In-depth semi-structured interviews

Outcome measures

  • Perceptions on mental preparation

Main results

  • All athletes thought that mental preparation in important, especially during competition.

  • Some athletes thought that there is a connection between mental state and performance / physical state. They thought that if you are not ready mentally, you will not be able to utilise what your body can do.

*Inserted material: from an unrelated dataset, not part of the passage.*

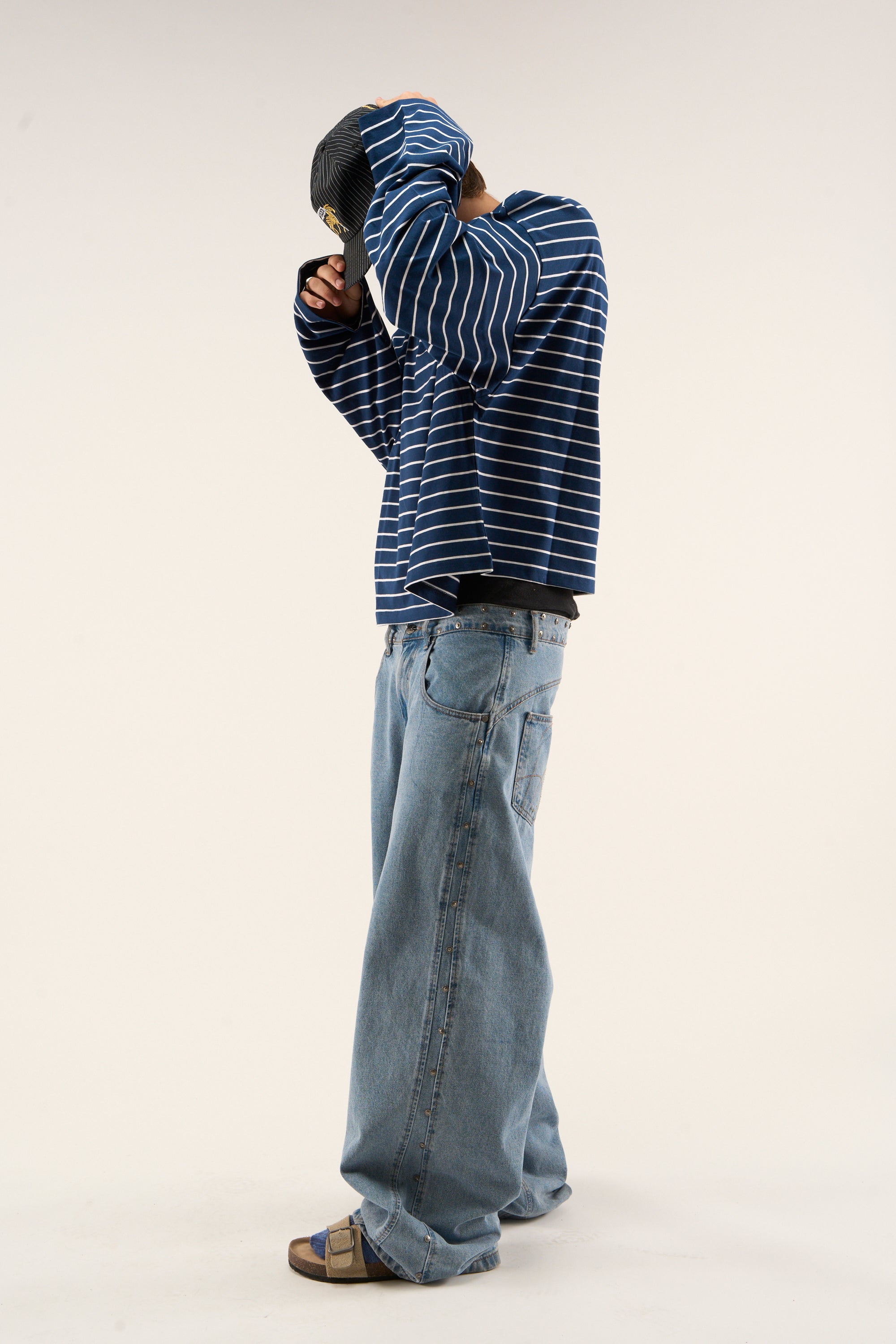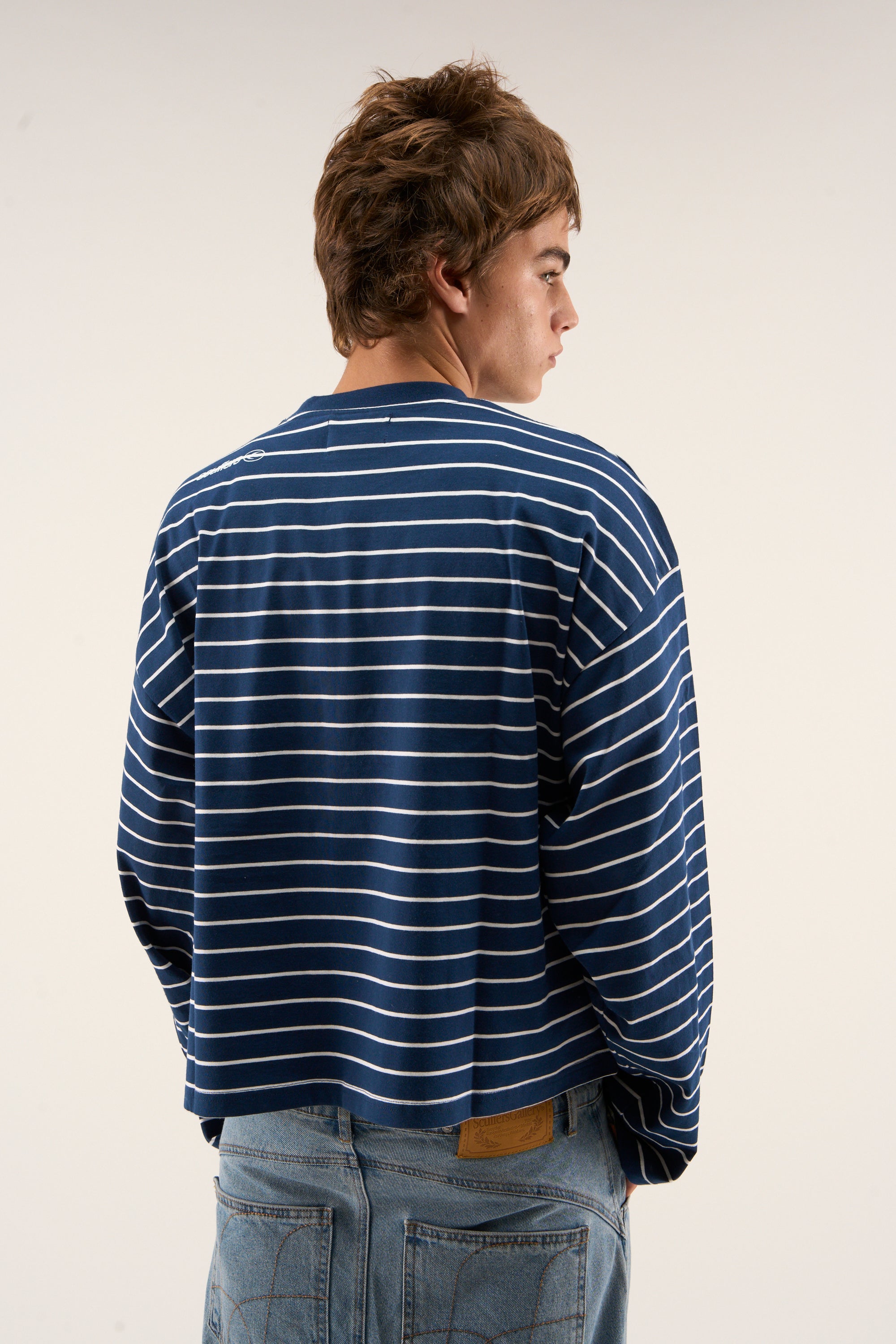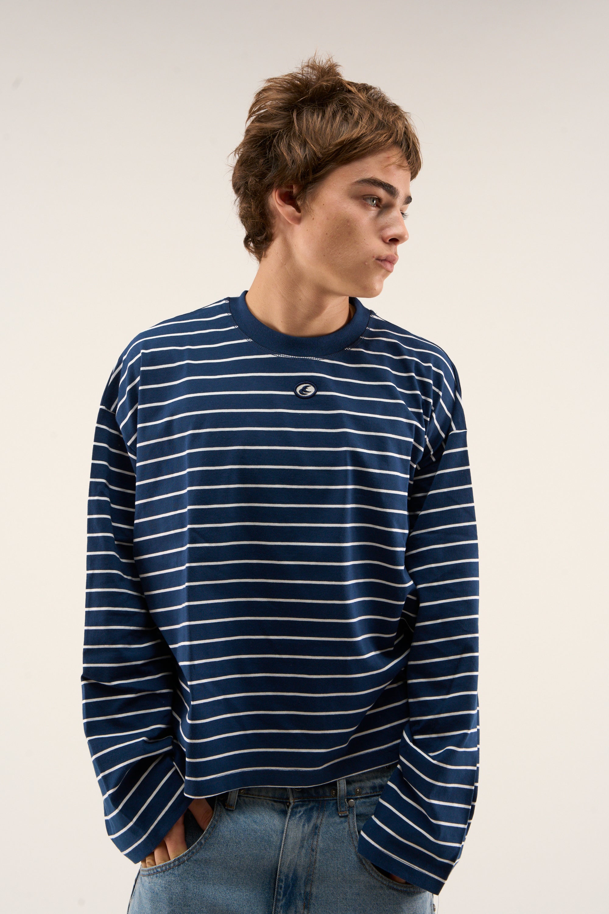 Striped Long-Sleeve T-Shirt in Navy with white horizontal stripes. Made from soft cotton for lightweight comfort. Features an embroidered logo on the chest and subtle branding on the back shoulder. Relaxed fit with ribbed crew neckline and dropped shoulders for a casual silhouette.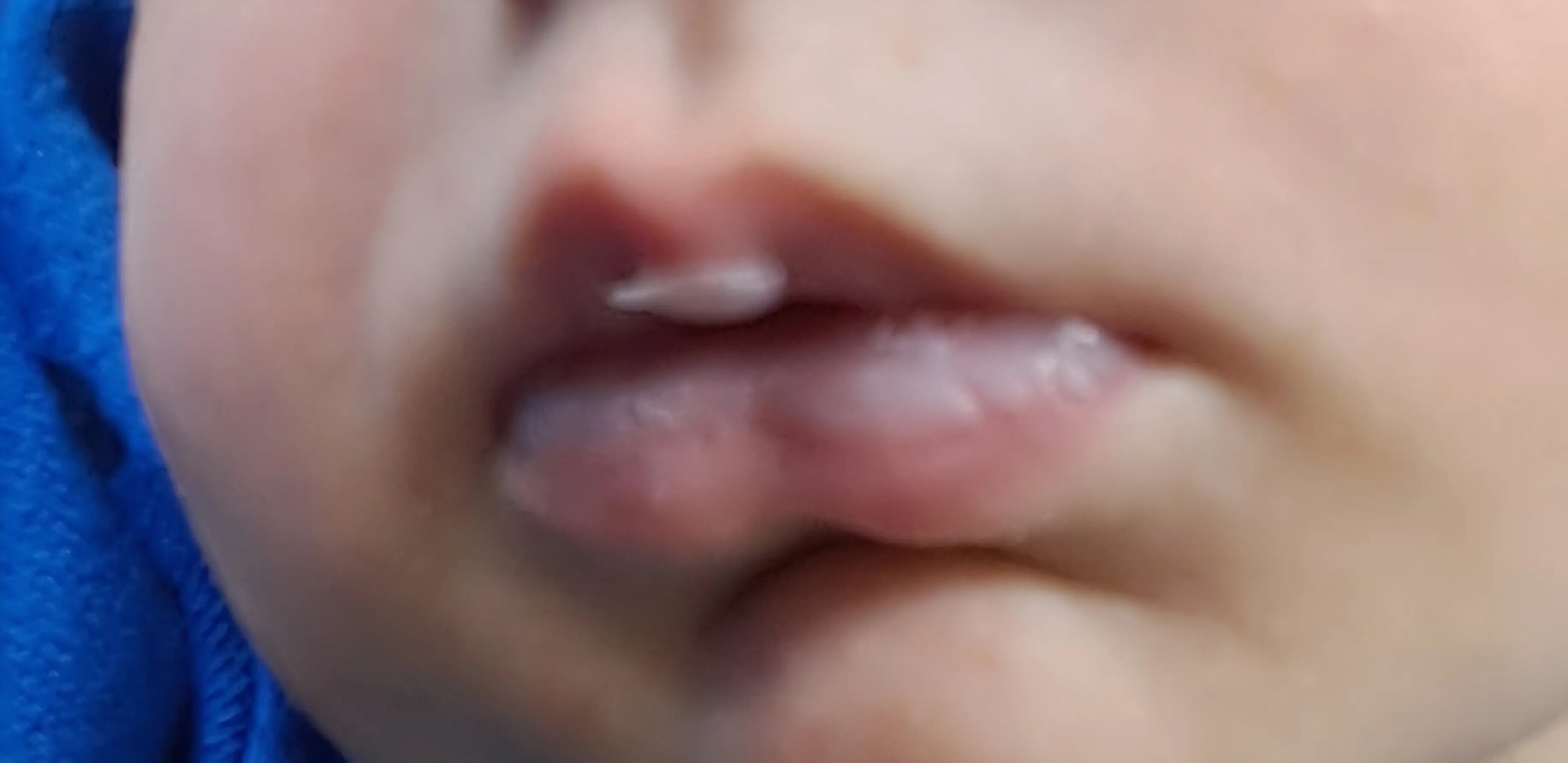 והמצב השני – שלפוחית אחת באזור המרכזי של השפה העליונה המופיעה בתינוקות קטנים (ראו בתמונה) ונקראת שלפוחית הנקה. השלפוחית נוצרת בגלל חיכוך האזור עם הפטמה, בקבוק או שד. אין לכך שום משמעות, השלפוחית לא כואבת והיא תעלם במהלך של ימים.

  • Two main themes from the inteviews were:

    • “mental techniques” - factors allowing to feel prepared:
      • “extrinsic self-confidence”
      • “intrinsic self-confidence”
      • “self-efficacy”
      • “mistake coping”
      • “consistency”
      • “competing against self”
      • “emotional arousal”

Olympic weightlifting mental preparation factors

  • “mental skills” - processes to prepare mentally:
    • “imagery”
    • “self-talk”
    • “routine”
    • “distance”
    • “focus”
    • “push for maximum”
    • “sense arousal”
    • “arousal control”

Olympic weightlifting mental preparation processes

  • all athletes recognised “mistake coping” as important, as it relates to performance, but did not name specific processes to achieve it.
  • external vs internal comfidence were mentioned by the athletes. As internal confidence was described as more important, athletes should audit their reliance on social environment for confidence.
  • avoiding others (opponents) was considered vital
  • almost all athletes used audio-visual materials like slow-motion videos of lifts.
  • overuse of “push for maximum” may promote overuse of the body and injuries, therefore should be used wisely.
  • imagery was used by all non-elite athletes in this study, but each person had a preference to use either external of internal imagery. Olympic-level athletes has shown to use both types.
  • ability to “focus” used by all athletes was also recognised in the literature as a skill separating successful from unsuccessful athletes.
  • breathing (especially deep breathing) was used to control arousal.

Take home message

For a clinician
Non-elite Olympic weightlifters are using imagery, self-talk, mistake coping and focus as metal preparation to help their performance. They could benefit from extending the imagery to use both external and internal imagery, and learning techniques to control arousal and cope with mistakes.
For a parent
Non-elite Olympic weightlifters are using imagery, self-talk, mistake coping and focus as metal preparation to help their performance. They could benefit from extending the imagery to use both external and internal imagery, and learning techniques to control arousal and cope with mistakes.
For an athlete
Non-elite Olympic weightlifters are using imagery, self-talk, mistake coping and focus as metal preparation to help their performance. They could benefit from extending the imagery to use both external and internal imagery, and learning techniques to control arousal and cope with mistakes.

Original article

Phylactou P. Inside the Mind of Weightlifters: The Mental Preparation of Greek-Cypriot Olympic-Style Weightlifting Athletes.Journal of European Psychology Students. 2019;10(1):1-5.